Allergen Overlap Note

While our gluten-free baking recipes on Freeflourish are thoughtfully crafted to exclude gluten-containing ingredients, please be aware of potential cross-contamination risks. Many gluten-free baking components, such as almond flour and gluten-free baking powder, may be processed in facilities handling wheat, nuts, or dairy.

If you have severe allergies or sensitivities to gluten, nuts, dairy, or other allergens present in some gluten-free recipes (including tags like dairyfree, nutfree, and paleo), carefully check ingredient labels for warnings about shared equipment or facilities.

To maintain the safest gluten-free cooking environment:

  • Use designated kitchen tools and utensils exclusively for gluten-free recipes.
  • Thoroughly clean all surfaces before baking.
  • Keep gluten-free ingredients stored separately from allergenic products.
  • Whenever possible, source certified allergen-free or single-ingredient products.

These precautions are especially important for family-friendly, quick & easy, and holiday & seasonal recipes where cross-use of kitchen equipment is common.

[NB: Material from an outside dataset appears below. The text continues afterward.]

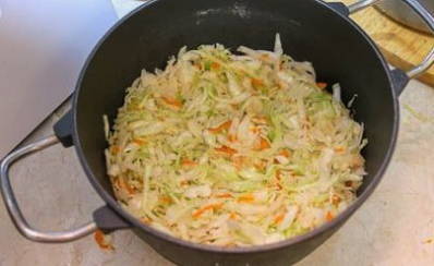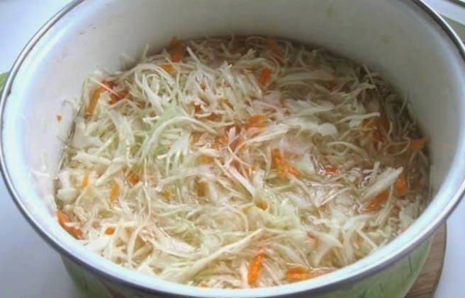 - Zuurkool met wortelen in een pan - een klassiek recept

Thank you for prioritizing safety while enjoying our wholesome, delicious gluten-free meals and treats!

Texture Expectations

Gluten-free almond flour biscotti, such as this low-carb lemon and rosemary recipe, naturally have a different texture than traditional wheat biscotti. Without gluten, expect a denser, slightly crumbly bite combined with the characteristic crispness delivered by the twice-baking process.

The almond flour lends a moist, rich crumb that holds together well but is more delicate when slicing. Handle the dough gently and use a sharp serrated knife to cut biscotti evenly and reduce crumbling. The first bake firms up the logs, while the final baking creates the crisp, golden exterior typical of biscotti.

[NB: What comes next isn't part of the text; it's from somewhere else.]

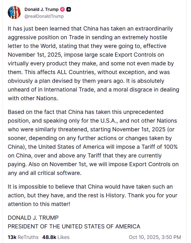 الرئيس الأمريكي أعلن عن رسوم جمركية جديدة تصل إلى 100٪ على الواردات الصينية، بعد خطوة من بكين بتقييد صادرات المعادن النادرة — وهي مواد تدخل في صناعة الرقائق والإلكترونيات والأسلحة.

Thanks to the dairy-free coconut oil, this recipe maintains tenderness without heaviness, lending subtle moisture and a slight chew from natural almond oils, balanced by crisp edges.

Texture variations depend on baking time and slice thickness: thinner slices yield more delicate crunch, thicker slices are chewier and more substantial. Cooling completely on a wire rack ensures the perfect balance of crunch and tenderness.

Overall, expect a flavorful, family-friendly biscotti with a satisfying crumbly interior and crisp finish—ideal as a low-carb dessert or snack to enjoy with coffee or tea.

Dining With Non Gf Family Note

Preparing gluten-free meals like these almond flour biscotti for your family alongside members who eat gluten can be smooth with mindful habits. Prevent cross-contamination by using separate utensils, cutting boards, and storage containers for gluten-free ingredients. Clean all surfaces thoroughly before baking, and consider baking gluten-free items first or using separate cooking zones.

For shared kitchen appliances, designate gluten-free toasters or frying pans if possible, or use toaster bags and clean pans well. Store gluten-free flours and snacks clearly labeled and separately.

These simple tips ensure everyone at your table can enjoy delicious gluten-free snacks or desserts whether it’s a quick & easy family-friendly breakfast, holiday & seasonal treat, or everyday snack. Safe kitchen practices foster inclusive dining for diverse dietary needs.